Over at competitor Vizrt, which powers graphics for CNN and FOX, social integration was also a new addition. They demonstrated (above) how producers can attach social elements to templates and push them quickly to air (you can also play YouTube clips, show Flickr photos and browse websites live on air.) And in an interesting twist, Vizrt can also automatically Tweet or post Facebook updates when TV promos air, such as, “The Simpsons will begin in 15 minutes….”

As we reported earlier, Never.no demonstrated a social media prompter for TV talent at NAB.

Another emerging area of interest at NAB is automatic content recognition, or as the kids say it, ACR. The folks at the Audible Magic booth had a big smile on their faces, fresh off another deal with a second-screen startup.

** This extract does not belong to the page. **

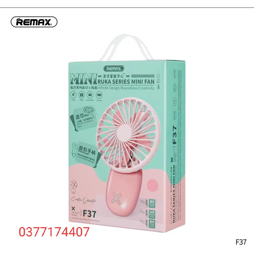 Điện Thoại & Phụ Kiện > Phụ kiện > Quạt USB & Quạt điện thoại || [Mã ELHA22 giảm 5% đơn 300K] Quạt mini Remax F37 Cầm tay - 3 tốc độ gió - Siêu mát ( Chính Hãng ) - Có bảo hànhCòn hàng

Over at the Civolution booth (above), a crowd gathered around demonstration of SyncNow, its ACR solution. Civolution’s Andy Nobbs told us the SyncNow product was drawing the most attention, but few attendees had a good understanding of how to put it into practice. Civolution showed potential applications, from the second-screen to providing automated real-time content on the TV set itself (Google mapping of news stories, suggested apps that related to the content on TV, word clouds, Wikipedia backgrounder, etc.)

But as Decker said, among the massive real estate of NAB — blocks and blocks of exhibits — social TV has a rather minor footprint. But just like the late 90s, we can feel the beginning of a shift to infuse social in just about every TV production product. Our bet is a much bigger showing at NAB 2013.